- [AVAILABLE DATA]
..........

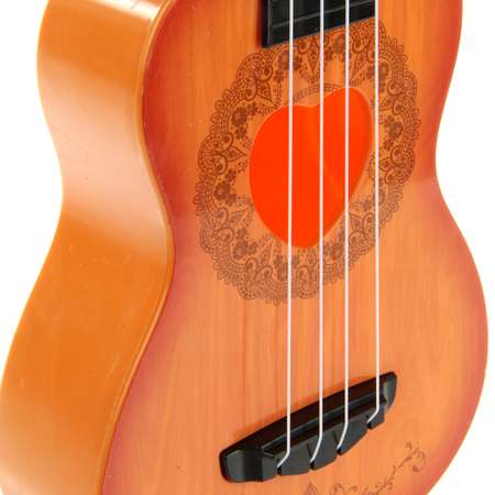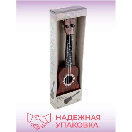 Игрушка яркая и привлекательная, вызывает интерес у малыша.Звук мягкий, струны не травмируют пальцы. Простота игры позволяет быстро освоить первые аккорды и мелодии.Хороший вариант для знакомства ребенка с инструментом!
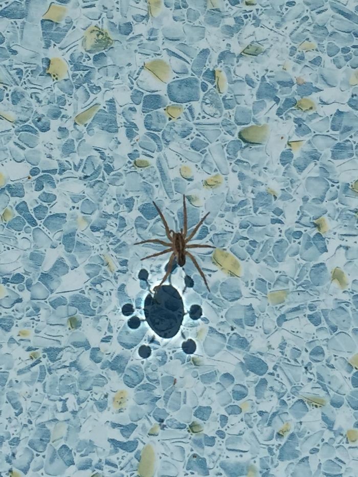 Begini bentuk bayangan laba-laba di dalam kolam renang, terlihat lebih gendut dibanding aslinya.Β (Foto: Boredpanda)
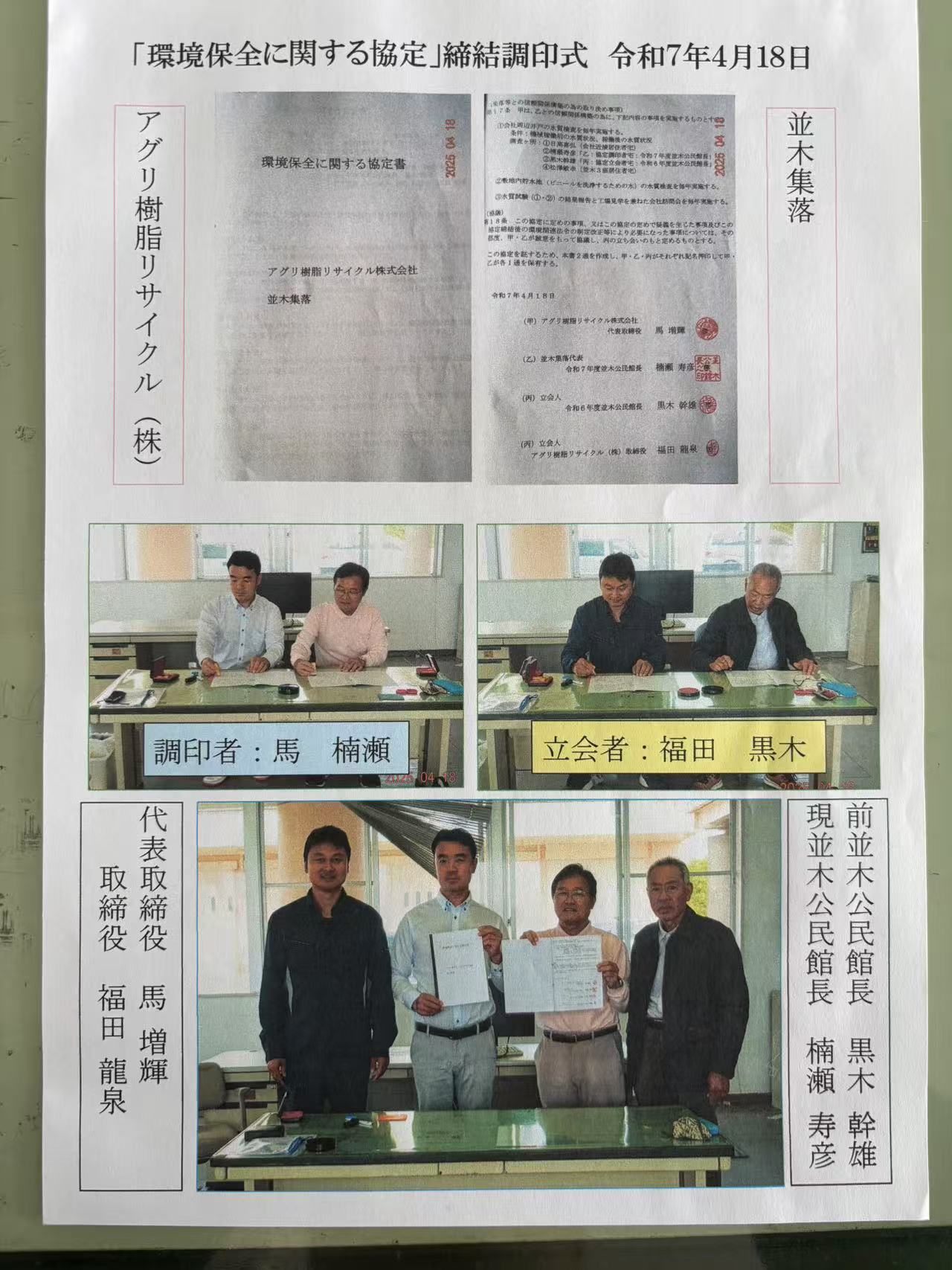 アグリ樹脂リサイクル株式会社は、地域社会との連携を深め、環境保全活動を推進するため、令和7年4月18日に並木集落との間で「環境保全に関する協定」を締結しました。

..........

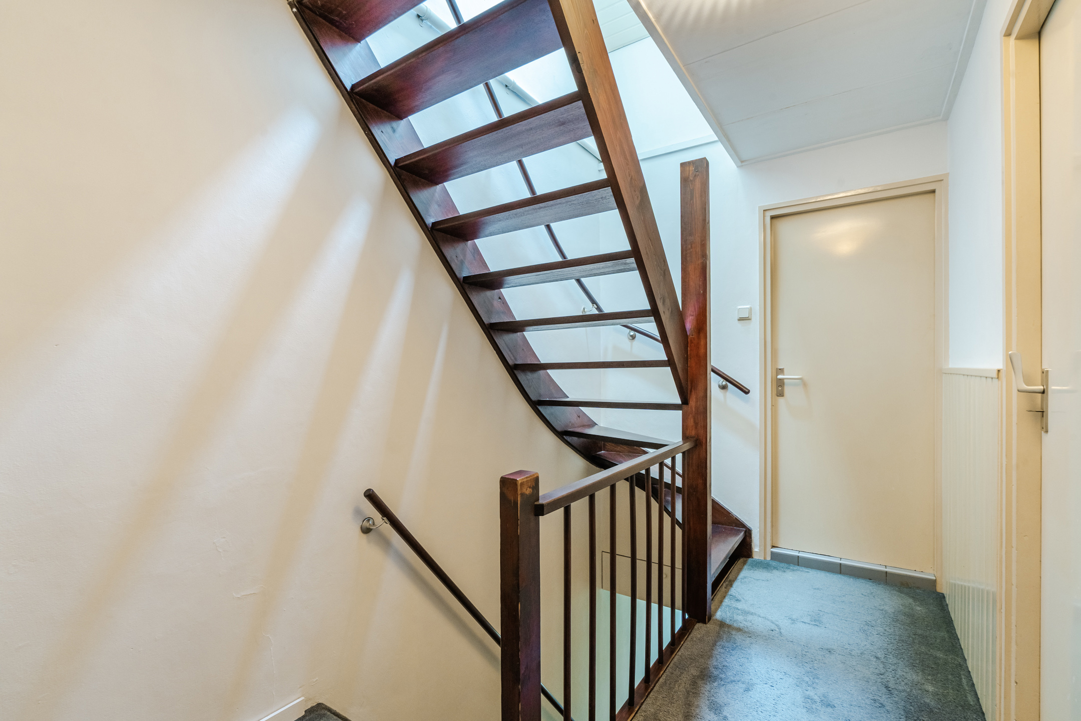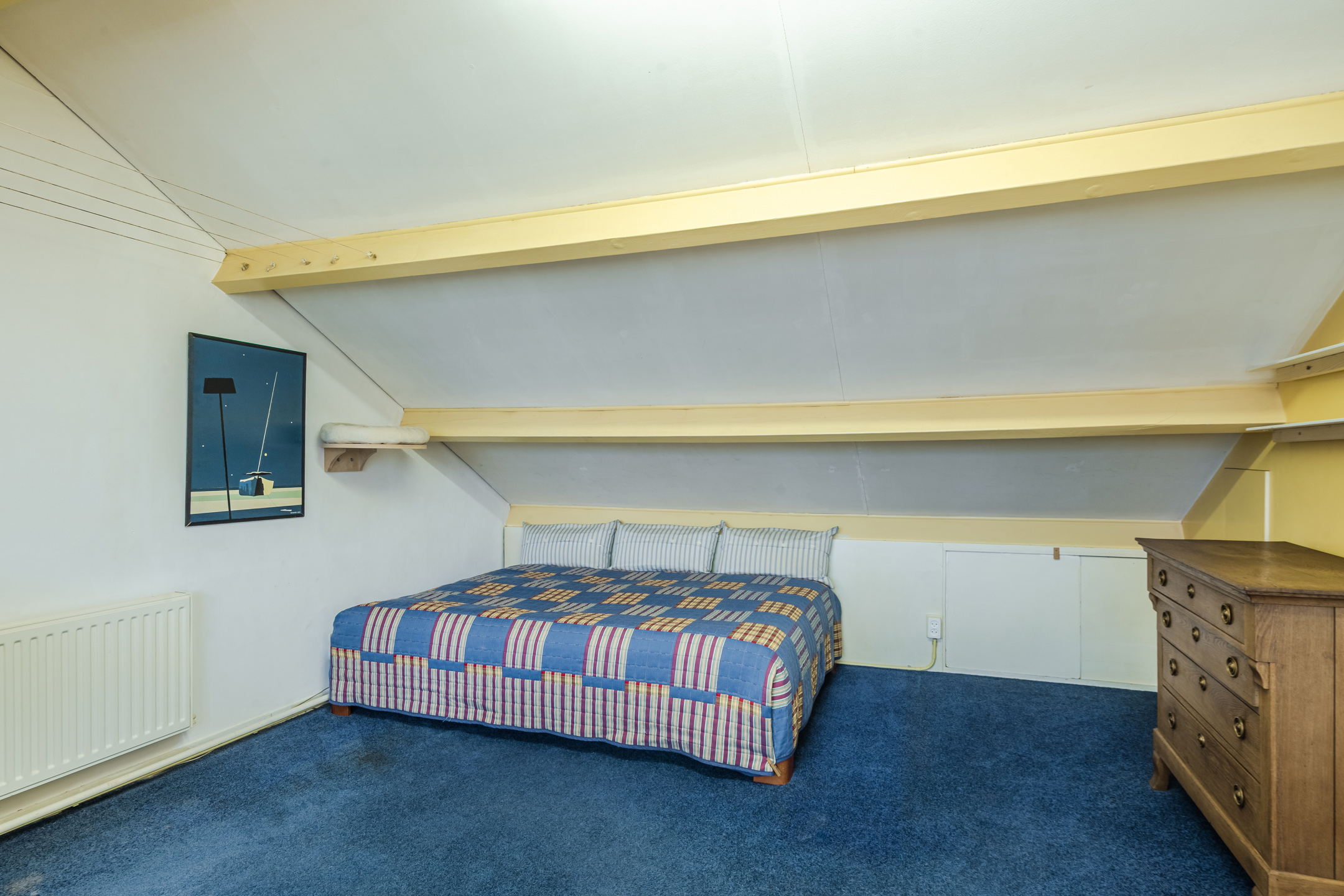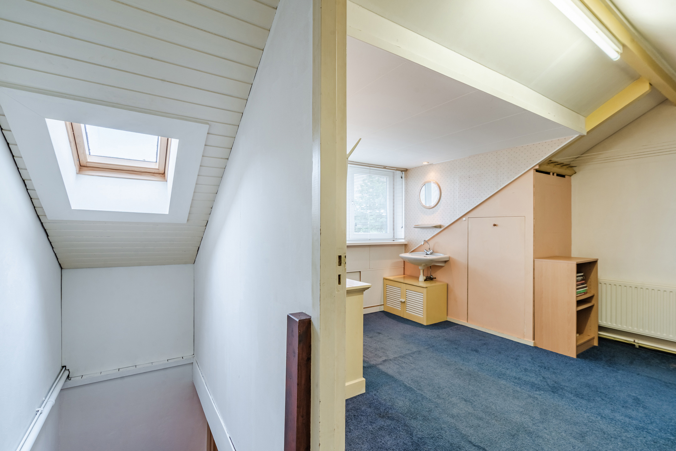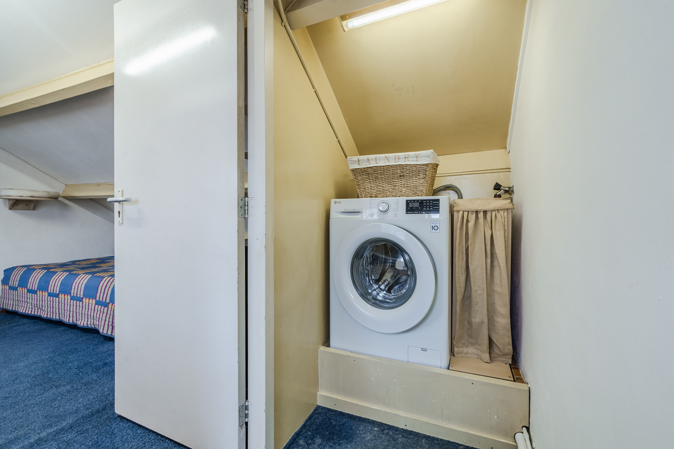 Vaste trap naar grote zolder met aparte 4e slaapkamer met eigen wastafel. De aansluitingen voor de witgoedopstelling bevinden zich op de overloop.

..........

- [TASK BRIEF] Above, find the line holding "Игрушка яркая и" and the line holding "Begini bentuk bayangan". Print exactly those two lines and every line between them, but no pictures.

- [THE COMPLETED TASK]
 Игрушка яркая и привлекательная, вызывает интерес у малыша.Звук мягкий, струны не травмируют пальцы. Простота игры позволяет быстро освоить первые аккорды и мелодии.Хороший вариант для знакомства ребенка с инструментом!
 Begini bentuk bayangan laba-laba di dalam kolam renang, terlihat lebih gendut dibanding aslinya.Β (Foto: Boredpanda)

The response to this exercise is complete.